ChaissonLab / TT-Mars

Structural Variants Assessment Based on Haplotype-resolved Assemblies
BSD 3-Clause "New" or "Revised" License
21 stars 4 forks source link

TT-Mars

TT-Mars: Structural Variants Assessment Based on Haplotype-resolved Assemblies.

Usage

  1. Clone TT-Mars from github and cd TT-Mars.
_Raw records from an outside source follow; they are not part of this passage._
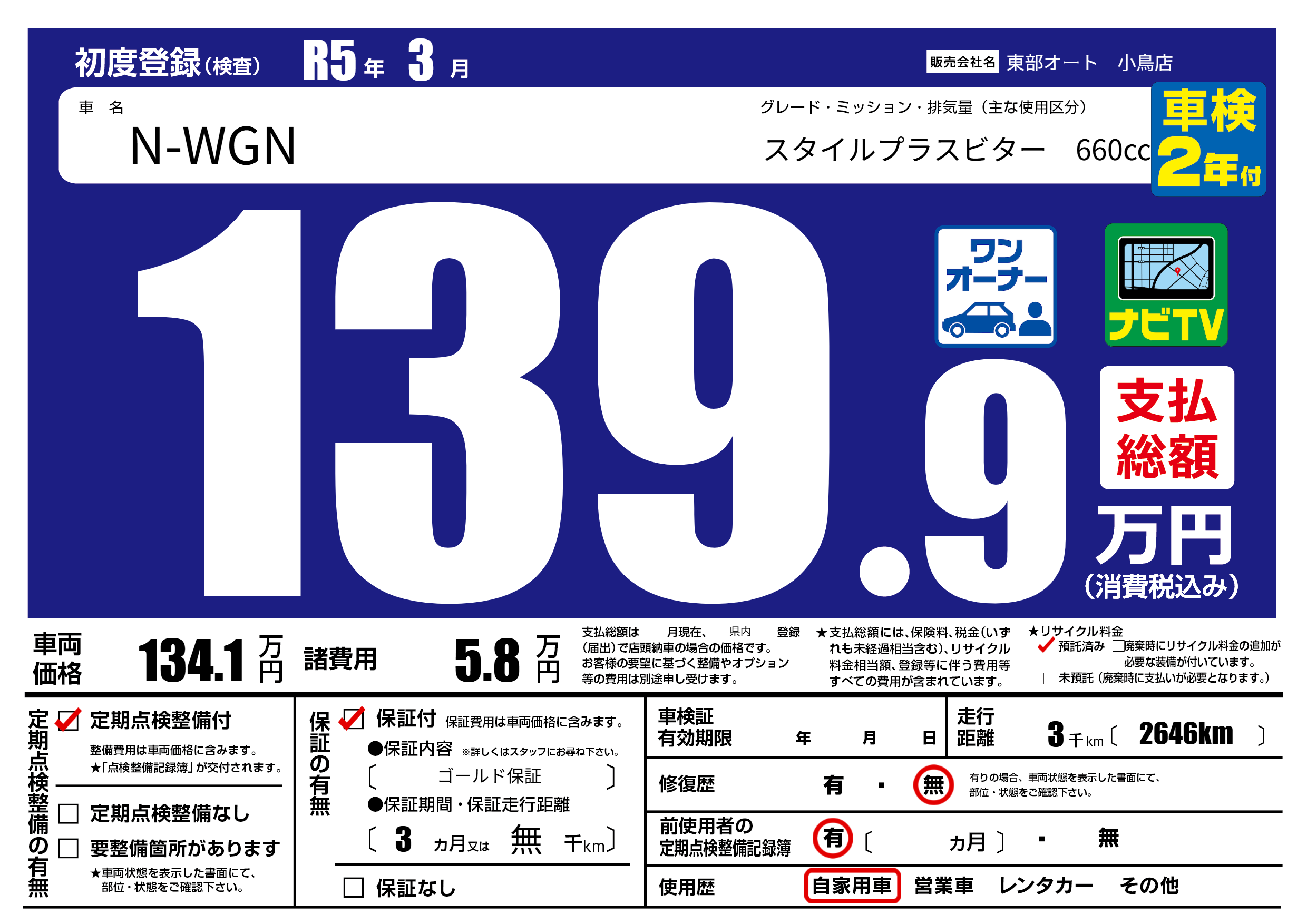 | 走行キロ | 0.3万km | 初年度登録 | R5年3月 |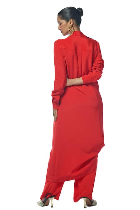 Red silk shirt jacket featuring full sleeves, collar neckline, and asymmetric buttoned panel. Paired with matching trousers for a cohesive look.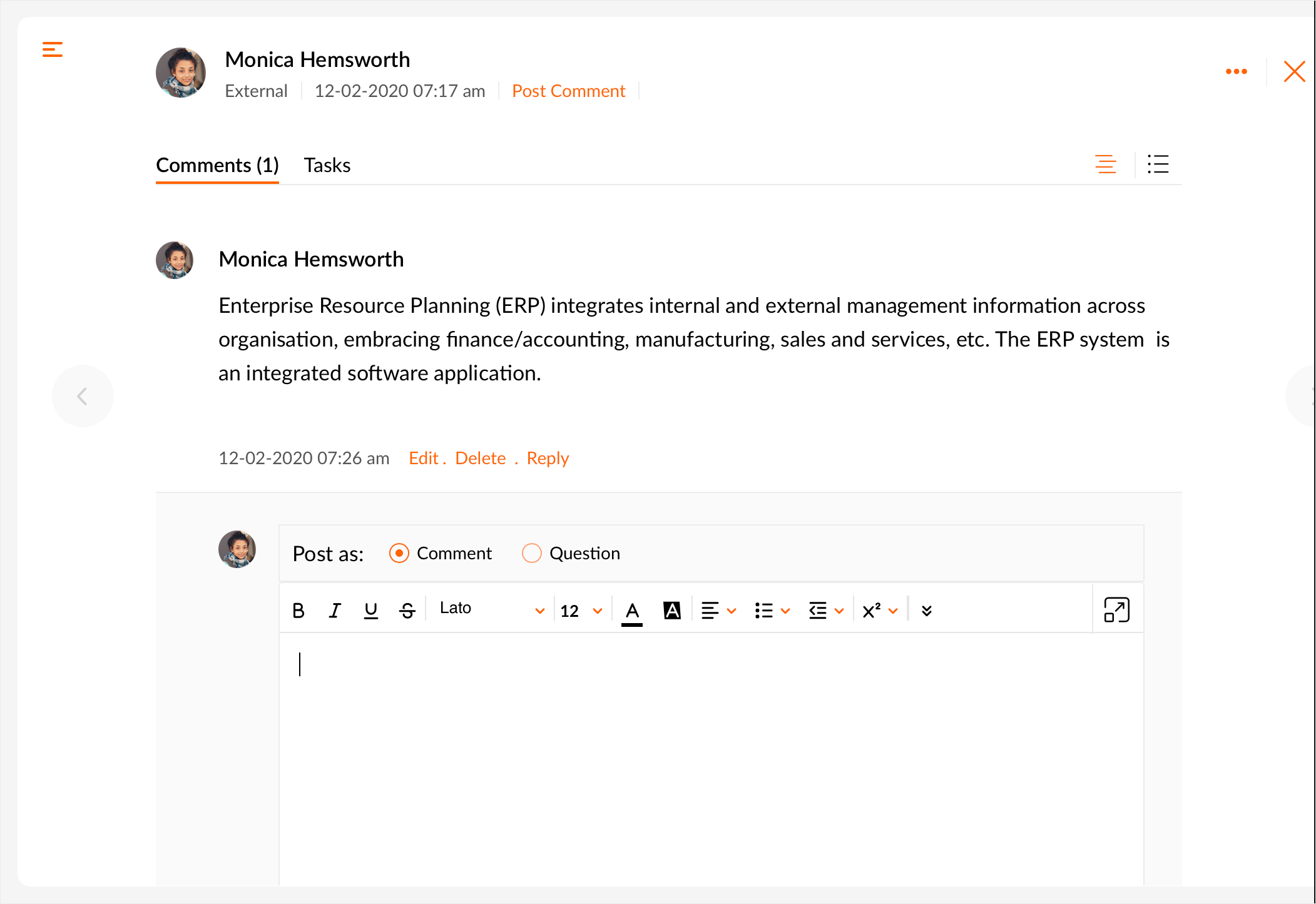 Post a forum topic and engage with users to share their ideas as comments. You can view the total number of replies, post a new reply, or update comments that you've posted.

Python >= 3.8 is preferred.
  2. Create environment and activate: conda create -n ttmars and conda activate ttmars.
  3. Run dowaload_files.sh to download required files to ./ttmars_files.
  4. Run download_asm.sh to download assembly files of 10 samples from HGSVC.
  5. Install packages: conda install -c bioconda pysam, conda install -c anaconda numpy, conda install -c bioconda mappy, conda install -c conda-forge biopython, conda install -c bioconda pybedtools.
  6. Run TT-Mars with following steps: run_ttmars.sh includes more instructions. Users can run it to run TT-Mars after setting up.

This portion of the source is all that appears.